§ **Instructions for the task**
Could you reproduce the lines below from the one with "于2011年,均胜电子借壳辽" through the one with "更进而拓展至莫扎特、贝多芬、"? Keep both ends and add nothing.

§ **Exercise inputs**
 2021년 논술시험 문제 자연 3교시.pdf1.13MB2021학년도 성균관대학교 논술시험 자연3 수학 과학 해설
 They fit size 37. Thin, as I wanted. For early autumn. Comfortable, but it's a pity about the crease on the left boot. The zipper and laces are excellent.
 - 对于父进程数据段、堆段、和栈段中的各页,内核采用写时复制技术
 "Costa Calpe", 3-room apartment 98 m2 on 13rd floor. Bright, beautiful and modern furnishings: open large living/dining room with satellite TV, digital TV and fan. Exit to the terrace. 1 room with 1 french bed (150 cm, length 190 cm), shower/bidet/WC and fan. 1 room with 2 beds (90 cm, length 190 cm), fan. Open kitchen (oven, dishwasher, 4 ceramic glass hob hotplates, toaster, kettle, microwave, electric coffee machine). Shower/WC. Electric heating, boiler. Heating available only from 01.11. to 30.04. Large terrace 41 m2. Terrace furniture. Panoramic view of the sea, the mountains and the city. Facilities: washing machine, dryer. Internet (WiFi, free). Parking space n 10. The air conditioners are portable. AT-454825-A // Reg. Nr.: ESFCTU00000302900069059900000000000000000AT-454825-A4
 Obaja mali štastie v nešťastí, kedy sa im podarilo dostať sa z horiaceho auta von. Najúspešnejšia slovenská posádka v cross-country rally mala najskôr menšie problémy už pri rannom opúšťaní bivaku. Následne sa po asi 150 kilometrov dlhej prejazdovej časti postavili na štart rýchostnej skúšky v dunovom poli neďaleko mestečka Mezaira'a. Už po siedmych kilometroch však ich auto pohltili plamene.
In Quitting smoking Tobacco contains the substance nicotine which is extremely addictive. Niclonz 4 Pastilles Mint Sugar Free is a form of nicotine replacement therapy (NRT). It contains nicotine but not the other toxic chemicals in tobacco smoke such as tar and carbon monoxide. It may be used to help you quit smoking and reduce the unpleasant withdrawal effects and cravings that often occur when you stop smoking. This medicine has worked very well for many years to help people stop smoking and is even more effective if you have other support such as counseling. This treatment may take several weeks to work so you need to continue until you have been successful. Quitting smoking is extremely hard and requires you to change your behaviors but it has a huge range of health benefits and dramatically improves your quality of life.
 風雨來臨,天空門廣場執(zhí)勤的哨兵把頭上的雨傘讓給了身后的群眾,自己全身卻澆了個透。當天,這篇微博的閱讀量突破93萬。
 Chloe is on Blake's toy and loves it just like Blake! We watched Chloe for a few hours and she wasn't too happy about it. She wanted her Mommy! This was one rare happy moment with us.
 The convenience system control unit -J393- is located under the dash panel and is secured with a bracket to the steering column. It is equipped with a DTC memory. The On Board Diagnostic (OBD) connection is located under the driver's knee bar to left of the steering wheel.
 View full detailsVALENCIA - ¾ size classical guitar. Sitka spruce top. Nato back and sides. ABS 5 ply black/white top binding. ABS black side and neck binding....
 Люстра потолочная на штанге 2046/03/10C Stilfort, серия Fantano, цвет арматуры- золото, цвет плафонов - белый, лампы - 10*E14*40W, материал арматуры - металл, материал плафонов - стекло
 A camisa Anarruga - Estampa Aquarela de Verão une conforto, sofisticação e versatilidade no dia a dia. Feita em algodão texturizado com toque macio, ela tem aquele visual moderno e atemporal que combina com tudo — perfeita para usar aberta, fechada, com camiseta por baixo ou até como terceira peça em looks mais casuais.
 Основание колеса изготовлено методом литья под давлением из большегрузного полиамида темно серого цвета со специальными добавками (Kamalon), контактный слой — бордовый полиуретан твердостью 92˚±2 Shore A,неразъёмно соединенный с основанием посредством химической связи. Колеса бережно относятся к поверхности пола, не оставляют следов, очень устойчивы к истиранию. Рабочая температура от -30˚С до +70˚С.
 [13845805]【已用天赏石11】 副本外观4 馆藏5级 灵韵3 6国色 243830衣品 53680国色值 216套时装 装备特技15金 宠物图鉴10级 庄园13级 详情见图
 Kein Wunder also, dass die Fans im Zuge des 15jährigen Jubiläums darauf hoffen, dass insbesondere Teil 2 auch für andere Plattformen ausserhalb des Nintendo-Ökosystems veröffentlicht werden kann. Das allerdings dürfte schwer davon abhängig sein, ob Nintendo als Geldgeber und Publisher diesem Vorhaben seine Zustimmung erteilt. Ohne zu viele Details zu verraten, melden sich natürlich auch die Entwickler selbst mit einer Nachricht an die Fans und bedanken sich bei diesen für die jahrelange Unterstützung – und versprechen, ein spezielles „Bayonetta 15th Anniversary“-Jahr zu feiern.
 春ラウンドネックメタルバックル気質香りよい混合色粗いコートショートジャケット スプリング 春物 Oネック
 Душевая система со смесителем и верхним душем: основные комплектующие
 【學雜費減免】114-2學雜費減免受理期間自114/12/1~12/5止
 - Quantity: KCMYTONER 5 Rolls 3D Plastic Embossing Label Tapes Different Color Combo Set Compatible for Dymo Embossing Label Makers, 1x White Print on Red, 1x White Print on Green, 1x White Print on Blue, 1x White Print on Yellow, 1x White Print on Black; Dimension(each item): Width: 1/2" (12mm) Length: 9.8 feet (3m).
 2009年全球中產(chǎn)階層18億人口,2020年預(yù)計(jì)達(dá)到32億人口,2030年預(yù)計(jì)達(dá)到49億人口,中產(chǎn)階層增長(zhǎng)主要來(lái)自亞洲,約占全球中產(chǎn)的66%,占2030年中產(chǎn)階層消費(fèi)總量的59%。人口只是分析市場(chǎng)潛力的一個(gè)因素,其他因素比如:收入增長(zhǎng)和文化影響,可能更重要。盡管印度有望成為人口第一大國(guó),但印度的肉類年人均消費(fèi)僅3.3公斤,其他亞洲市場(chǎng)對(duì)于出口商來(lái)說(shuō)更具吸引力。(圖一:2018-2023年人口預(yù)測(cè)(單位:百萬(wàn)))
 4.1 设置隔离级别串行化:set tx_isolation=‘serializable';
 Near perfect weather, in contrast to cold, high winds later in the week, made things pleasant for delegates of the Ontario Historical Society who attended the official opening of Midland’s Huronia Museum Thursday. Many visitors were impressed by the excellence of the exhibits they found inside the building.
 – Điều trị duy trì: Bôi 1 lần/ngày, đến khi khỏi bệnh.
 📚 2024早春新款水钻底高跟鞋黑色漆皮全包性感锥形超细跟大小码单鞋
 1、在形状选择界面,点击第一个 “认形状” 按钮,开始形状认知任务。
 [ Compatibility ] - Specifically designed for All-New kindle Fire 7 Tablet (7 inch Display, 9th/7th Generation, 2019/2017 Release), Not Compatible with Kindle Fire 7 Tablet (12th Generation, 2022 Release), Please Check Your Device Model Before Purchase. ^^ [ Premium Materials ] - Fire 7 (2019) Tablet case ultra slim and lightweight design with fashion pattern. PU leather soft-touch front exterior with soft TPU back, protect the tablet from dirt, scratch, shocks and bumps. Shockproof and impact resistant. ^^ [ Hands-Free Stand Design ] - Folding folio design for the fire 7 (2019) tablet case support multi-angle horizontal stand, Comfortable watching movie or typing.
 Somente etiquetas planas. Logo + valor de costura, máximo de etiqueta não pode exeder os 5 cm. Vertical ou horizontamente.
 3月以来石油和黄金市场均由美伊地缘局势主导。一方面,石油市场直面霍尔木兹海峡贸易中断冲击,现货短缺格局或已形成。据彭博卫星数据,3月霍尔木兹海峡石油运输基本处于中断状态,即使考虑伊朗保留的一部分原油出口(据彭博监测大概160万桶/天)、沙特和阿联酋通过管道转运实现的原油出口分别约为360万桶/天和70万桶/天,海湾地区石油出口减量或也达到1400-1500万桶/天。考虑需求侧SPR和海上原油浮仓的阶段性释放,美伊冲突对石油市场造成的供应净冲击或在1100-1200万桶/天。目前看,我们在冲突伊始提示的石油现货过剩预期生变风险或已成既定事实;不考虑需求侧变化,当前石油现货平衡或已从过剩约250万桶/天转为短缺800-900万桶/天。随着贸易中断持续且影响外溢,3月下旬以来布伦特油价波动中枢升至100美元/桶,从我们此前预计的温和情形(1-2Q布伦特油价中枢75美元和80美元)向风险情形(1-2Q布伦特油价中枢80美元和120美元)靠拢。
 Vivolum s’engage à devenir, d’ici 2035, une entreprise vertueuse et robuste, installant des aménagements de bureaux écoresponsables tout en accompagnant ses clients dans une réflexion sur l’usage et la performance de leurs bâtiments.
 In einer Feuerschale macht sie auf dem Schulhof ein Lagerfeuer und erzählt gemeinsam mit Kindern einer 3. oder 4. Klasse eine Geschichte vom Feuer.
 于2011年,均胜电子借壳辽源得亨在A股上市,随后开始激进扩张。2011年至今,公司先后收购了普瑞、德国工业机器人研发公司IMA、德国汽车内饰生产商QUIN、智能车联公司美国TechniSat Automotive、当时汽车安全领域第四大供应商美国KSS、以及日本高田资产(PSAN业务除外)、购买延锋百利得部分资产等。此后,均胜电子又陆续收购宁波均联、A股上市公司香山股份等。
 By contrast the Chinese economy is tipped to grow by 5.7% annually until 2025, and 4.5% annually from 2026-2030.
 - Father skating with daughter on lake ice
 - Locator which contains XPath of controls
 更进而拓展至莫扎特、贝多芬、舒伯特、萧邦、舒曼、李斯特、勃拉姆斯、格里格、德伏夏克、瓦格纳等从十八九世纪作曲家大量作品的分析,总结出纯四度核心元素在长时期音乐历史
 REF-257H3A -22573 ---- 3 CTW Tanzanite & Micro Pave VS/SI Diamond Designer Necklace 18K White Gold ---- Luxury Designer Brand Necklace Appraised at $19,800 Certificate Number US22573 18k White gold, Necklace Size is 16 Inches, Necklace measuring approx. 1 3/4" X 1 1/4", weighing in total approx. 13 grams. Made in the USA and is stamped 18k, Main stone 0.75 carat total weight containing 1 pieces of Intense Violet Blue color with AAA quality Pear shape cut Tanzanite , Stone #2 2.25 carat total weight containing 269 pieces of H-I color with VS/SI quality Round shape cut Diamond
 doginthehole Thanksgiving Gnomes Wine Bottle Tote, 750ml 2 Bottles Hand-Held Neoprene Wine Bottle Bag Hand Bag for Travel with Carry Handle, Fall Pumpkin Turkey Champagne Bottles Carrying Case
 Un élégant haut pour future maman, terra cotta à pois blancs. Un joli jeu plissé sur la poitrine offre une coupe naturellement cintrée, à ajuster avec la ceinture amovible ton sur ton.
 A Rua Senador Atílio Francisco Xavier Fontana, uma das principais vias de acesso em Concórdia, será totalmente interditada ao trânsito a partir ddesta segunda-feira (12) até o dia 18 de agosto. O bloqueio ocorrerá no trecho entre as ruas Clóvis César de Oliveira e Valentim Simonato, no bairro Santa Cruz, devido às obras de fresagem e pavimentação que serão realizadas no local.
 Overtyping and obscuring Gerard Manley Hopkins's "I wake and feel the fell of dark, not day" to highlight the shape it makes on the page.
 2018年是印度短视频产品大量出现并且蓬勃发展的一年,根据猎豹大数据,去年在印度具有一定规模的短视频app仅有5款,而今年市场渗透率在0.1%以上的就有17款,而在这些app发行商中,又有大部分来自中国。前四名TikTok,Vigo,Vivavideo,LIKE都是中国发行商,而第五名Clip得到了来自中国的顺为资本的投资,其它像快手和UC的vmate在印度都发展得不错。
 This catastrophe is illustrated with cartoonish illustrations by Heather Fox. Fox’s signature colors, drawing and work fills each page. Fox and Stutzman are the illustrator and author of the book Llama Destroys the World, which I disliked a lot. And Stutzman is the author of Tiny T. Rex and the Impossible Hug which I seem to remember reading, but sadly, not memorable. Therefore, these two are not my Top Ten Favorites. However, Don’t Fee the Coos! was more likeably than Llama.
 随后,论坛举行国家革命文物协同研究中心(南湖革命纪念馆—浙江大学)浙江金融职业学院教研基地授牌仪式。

§ **Result of the task**
 于2011年,均胜电子借壳辽源得亨在A股上市,随后开始激进扩张。2011年至今,公司先后收购了普瑞、德国工业机器人研发公司IMA、德国汽车内饰生产商QUIN、智能车联公司美国TechniSat Automotive、当时汽车安全领域第四大供应商美国KSS、以及日本高田资产(PSAN业务除外)、购买延锋百利得部分资产等。此后,均胜电子又陆续收购宁波均联、A股上市公司香山股份等。
 By contrast the Chinese economy is tipped to grow by 5.7% annually until 2025, and 4.5% annually from 2026-2030.
 - Father skating with daughter on lake ice
 - Locator which contains XPath of controls
 更进而拓展至莫扎特、贝多芬、舒伯特、萧邦、舒曼、李斯特、勃拉姆斯、格里格、德伏夏克、瓦格纳等从十八九世纪作曲家大量作品的分析,总结出纯四度核心元素在长时期音乐历史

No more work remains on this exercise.